The political undercurrents are less reassuring. Voters are realising that remaking the entire global economy will be disruptive. Some—a minority—dispute that man-made climate change is under way. Others object to certain policies deployed to tackle it, because they impose costs on ordinary citizens, or add hassles to their overstretched daily lives. Some, particularly the elderly, do not like change at all, especially when it means fuss today in return for benefits they may not live to see. Even among those who accept that action is needed, views differ as to who should shoulder the burden. Many would prefer it to fall on someone else.
Awareness of the dangers of climate change seems to have risen over the past wildfire-charred decade. In polls of 12 rich countries by Pew, an American think-tank, the share of respondents who said it was a 'major threat' rose in every country except South Korea, where it was already high. Clear majorities everywhere bar Israel agreed with this description. Yet this does not mean they are willing to pay more taxes to help prevent climate change. In a survey of 29 countries by Ipsos, a pollster, only 30% of respondents said they would be willing to cough up.
Crowding out
Perhaps most alarmingly, a partisan gap has opened even on scientific questions. In all of the 14 rich countries surveyed by Pew in 2022, people on the political right were less likely to see climate change as a major threat than those on the left. In Australia, Canada, Germany, the Netherlands and Sweden the gap was very large: between 22 and 44 percentage points. In America it was a gobsmacking 63 points. And a new poll by YouGov for The Economist found that whereas 87% of Biden voters believed that climate change was caused by human activity, only 21% of Trump voters agreed.
In democracies such divisions have consequences. [Public opinion matters in dictatorships, too, but that is beyond the scope of this article.] In rich democracies, especially, divisions over climate are aggravated by populist politicians, who take real problems [such as cost and disruption] and exaggerate them, while claiming that the elite who impose green policies don’t care about ordinary motorists because they cycle to work.

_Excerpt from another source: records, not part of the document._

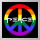Ein Regenbogenfriedenssymbol mit einem Ausruf der Ruhe!
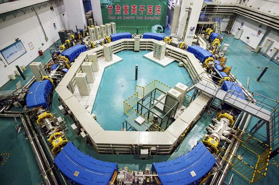 El acelerador para el primer sistema chino de tratamiento contra el cáncer basado en iones de carbono se instaló en el Hospital Oncológico Wuwei, provincia de Gansu. Los iones de carbono se aceleran alrededor del 70 por ciento de la velocidad de la luz, luego se lanzan contra el tumor para destruir el ADN de sus células y eliminarlas. [Foto: China Daily]
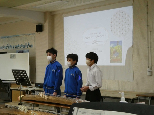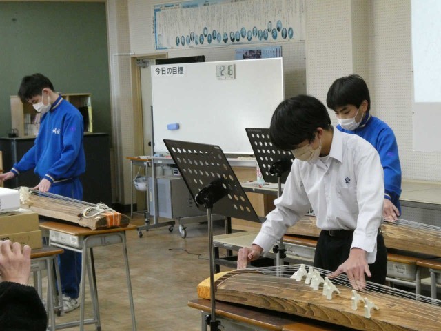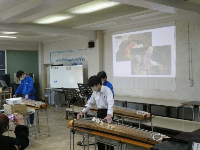 3校時、音楽室では「4,5組、お箏のコンサート」が保護者を対象として開催されました。やや冷えた音楽室にお箏の澄んだ音色が優しく響き渡ります。演奏者は授業の中で練習を繰り返し、本日に臨んでいます。素晴らしい腕前でした!お昼には全校生徒の前でのコンサートを控えます。
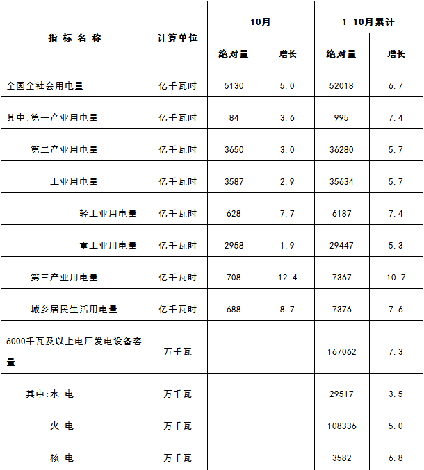 1-10月份,全國全社會(huì)用電量52018億千瓦時(shí),同比增長(zhǎng)6.7%。10月份,全國全社會(huì)用電量5130億千瓦時(shí),同比增長(zhǎng)5.0%。
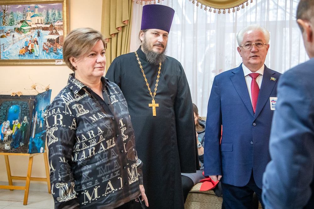 По доброй традиции поздравить юных художников прибыли гости, которые обратились со сцены со словами поздравления и приветствия к собравшимся в зале участникам и гостям конкурса, а также вручили награды победителям. Со сцены прозвучали приветствия Первого Заместителя Московской областной Думы Л. Е. Лазутиной, ответственного за религиозное образование и катехизацию Одинцовской епархии священника Владислава Гусара, депутатов Совета депутатов Одинцовского городского округа Владимира Виницкого, Вячеслава Киреева, Владимира Бережанского, Александра Гусева, начальника отдела социальных коммуникаций и дополнительного образования Ю. Куликовой.

Populism tends to undermine effective climate policy in several ways. First, populists are often sceptical of experts. When people say 'trust the experts', suggests Ms Karamo, they really mean: 'You are too stupid to make decisions about your life'.
Second, populists are suspicious of global institutions and foreigners. 'Every subsidy we award to an electric-vehicle manufacturer is really a subsidy to the Chinese Communist Party, because we depend on them, like a noose around our neck, for the batteries', says Vivek Ramaswamy, a Republican presidential candidate. Such attitudes are bad for climate mitigation, argues Dan Fiorino of the American University in Washington, DC, because 'climate policy is as much a matter of foreign relations as it is of economic policy' ".